- 1 tbsp (15 milliliters) Vegetable oil
- 16 oz (500 grams) Beef blade steak
- 1 cup (250 milliliters) Carrots , diced
- 1 cup (250 milliliters) Red onion , diced
- 1 cup (250 milliliters) Celery , diced
- 1 cup (250 milliliters) White Onion , diced
- 1 cup (250 milliliters) White Mushrooms , sliced
- 1 cup (250 milliliters) Reduced sodium beef stock
- 3 tbsps (45 milliliters) Club House ® Original Cajun Seasoning
- 2 tbsps (30 milliliters) Rice Flour
- 1 package (450 grams) Puff pastry sheets
- 1 cup (250 milliliters) Water
- 1 each Egg
- Preheat the oven to 425°F (220°C).
- In large skillet heat oil over medium-high heat. Brown beef and vegetables and sauté for 5 minutes.

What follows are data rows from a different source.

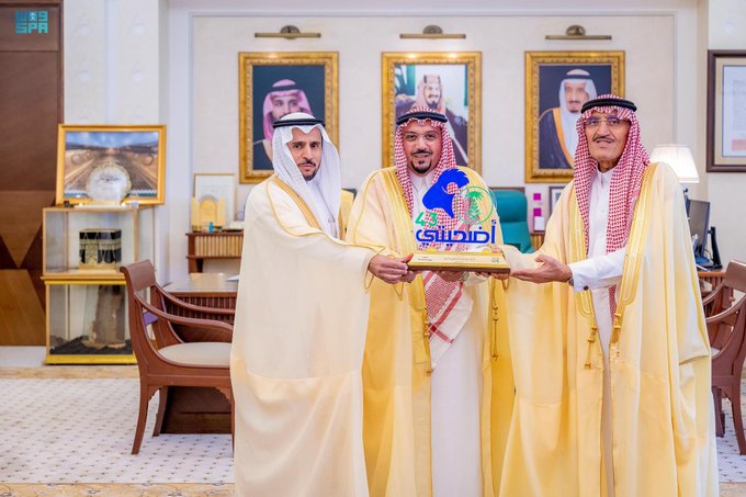 جاء ذلك خلال استقبال سموه بمكتبه اليوم، المشرف العام على فرع وزارة البيئة والمياه والزراعة بمنطقة القصيم المهندس سلمان الصوينع، ومدير فرع وزارة البيئة والمياه والزراعة بالقصيم المهندس عبدالعزيز الرجيعي، وفريق عمل المهرجان.
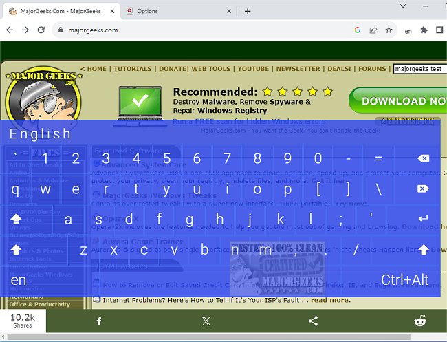 Screen Virtual Keyboard for Chrome will bring up a floating keyboard whenever you open your browser. The keyboard might seem too large and intrusive by default, but you can adjust its size from the options menu. You can change its color scheme and behavior-related settings, such as always on top, sync with a physical keyboard, and more.
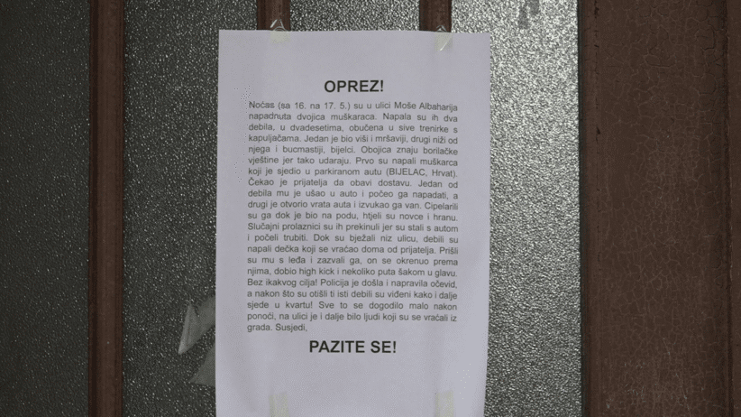 “Policija je oko ponoći 17. svibnja zaprimila dojavu o fizičkom napadu na dvojicu hrvatskih državljana u ulici Moše Albaharija. Dolaskom policijskih službenika na mjesto događaja počinitelji nisu zatečeni te je u tijeku kriminalističko istraživanje radi pronalaska istih i utvrđivanja svih relevantnih činjenica.
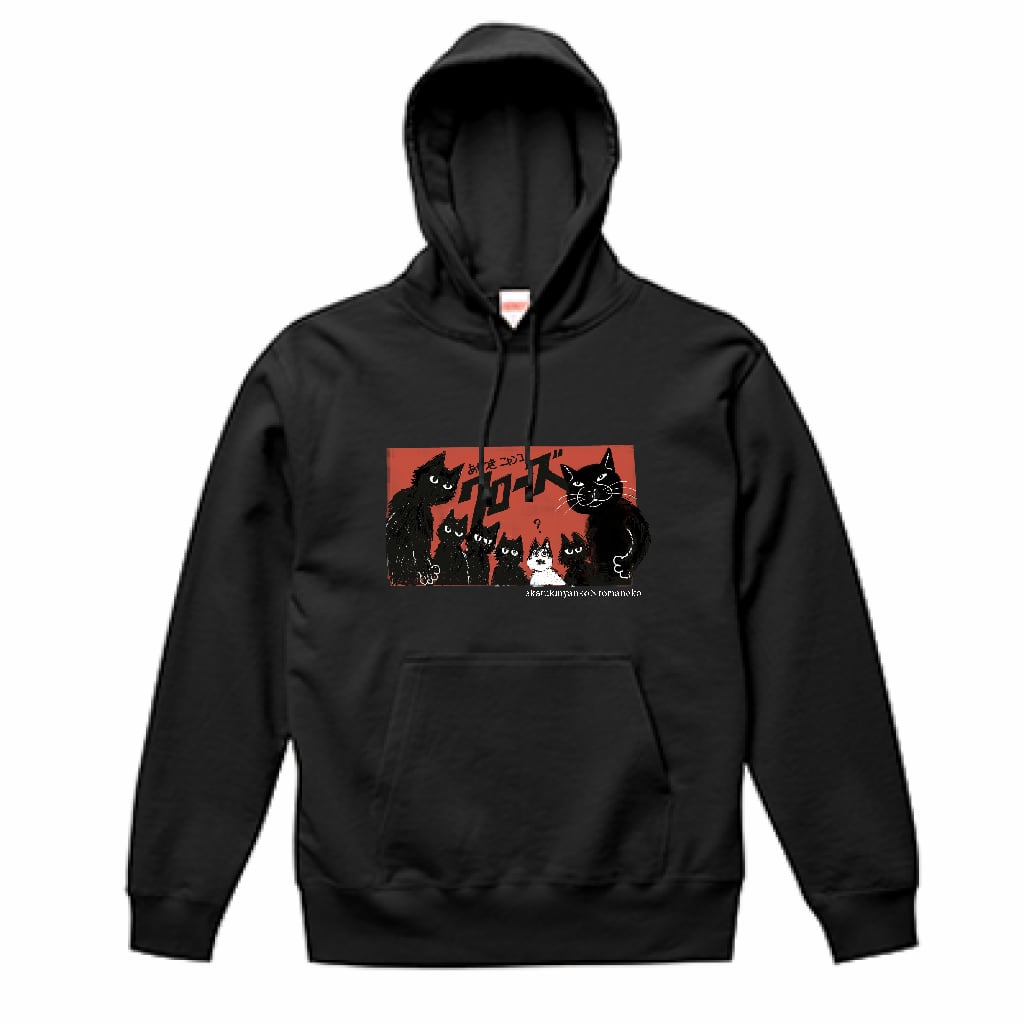 黒猫好きの方に送る、黒猫だらけのパーカーです。あかつきニャンコさんのあんよちゃんがワイルドをメインにワイルドに描いてみました。
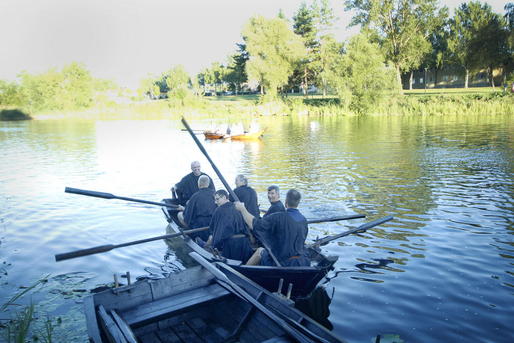 På torsdagkvällen gick den första medeltida kapprodden av stapeln i Arbogaån. Tre båtar deltog varav en var den nya båten Carolina.
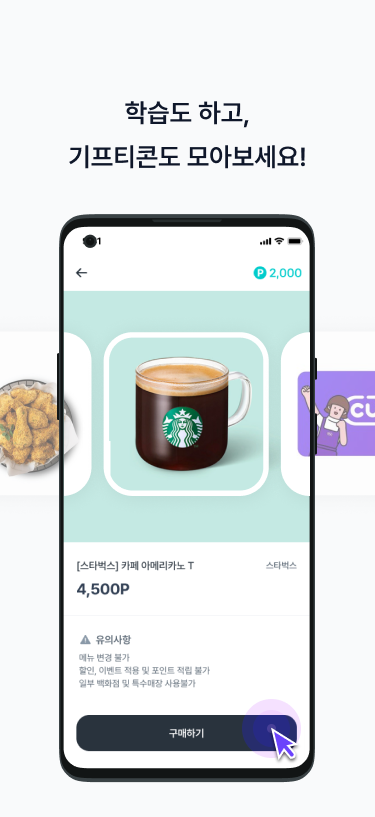 이에 더하여 리워드의 허들이 낮아져야 한다. 네이버 웹툰의 '쿠키'와 같은 보상을 추가하고, 1천 원 단위의 기프티콘으로 보상을 낮추면, 유저들은 훨씬 더 즐겁게 앱을 사용할 수 있을 것이다.
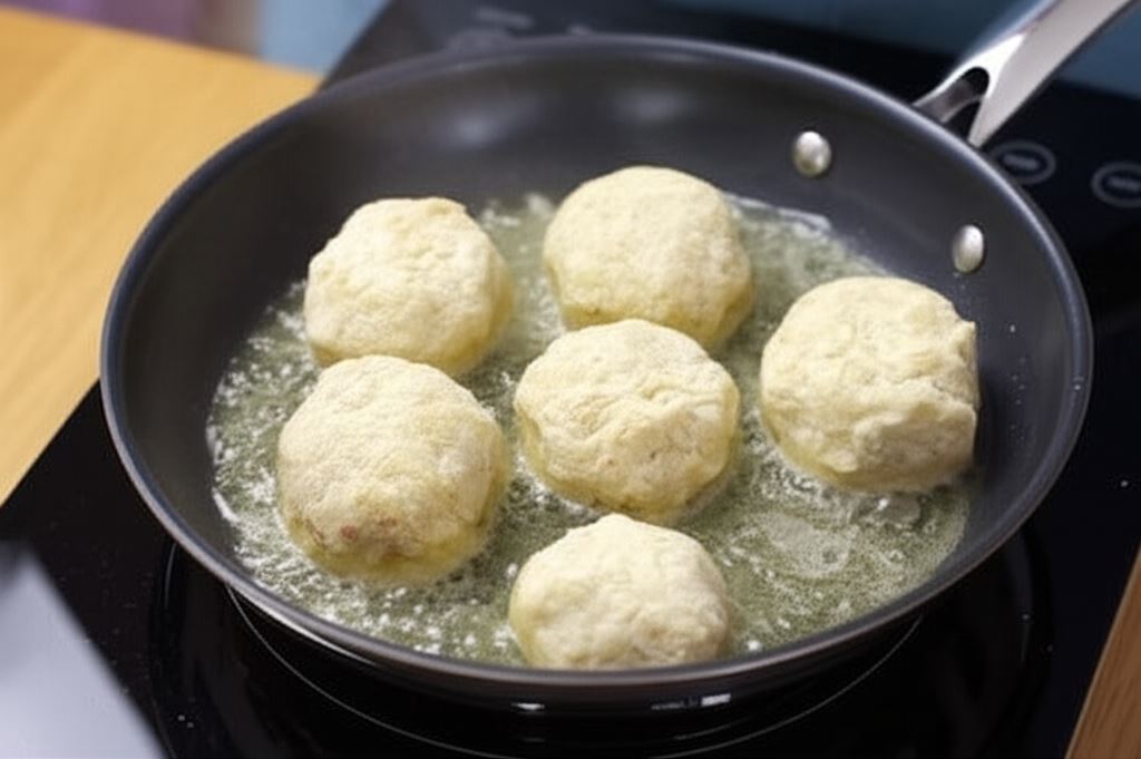 Smażyć panierowane kulki ryżowe na dobrze rozgrzanym tłuszczu do złotego koloru.
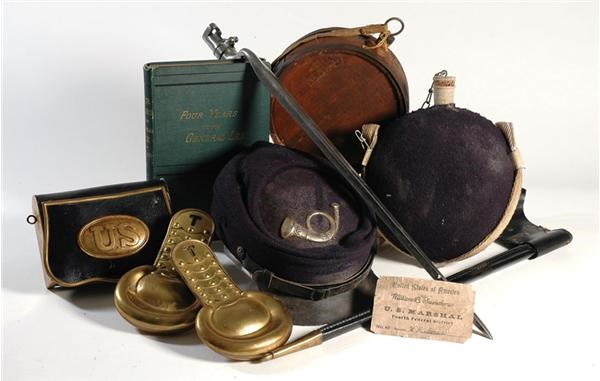 Atmospheric and overwhelming Civil War paraphernalia reproductions, including two (2) canteens - one wooden with cork, cork ring, and dual shoulder and cork strap, and the other container-metal surrounded by fabric, with cork and stopper chain; one (1) wool, officer blue kepi cap with leather visor, chin strap, and sweat band, and silver infantry insignia on top of cap, and shows great wear; one (1) very sharp silver bayonet with protective leather brass-tipped cover; one (1) book entitled “Four Years with General Lee” by Walter H. Taylor, published in 1877; one (1) black leather cartridge box with brass “US” insignia on flap, and retains leather strap to secure flap; and lastly a 4 ? x 2 ?” vintage paper ID for “William Saunders, U.S. Marshal, Fourth Federal District.” A very historic and emblematic collection.

- Add Club House Cajun Seasoning and rice flour. Add beef stock and water bring to a boil and simmer 1.5 hours or until meat is tender. Chill filling.
Pot Pie Assembly
- Divide pot pie mixture into serving size ramekin dishes. Brush puff pastry with egg cover and seal each ramekin.
- Place pot pie on baking tray and bake in a 425°F (220°C ) oven for 10 to 12 minutes or until internal temperature reaches 165°F (74°C).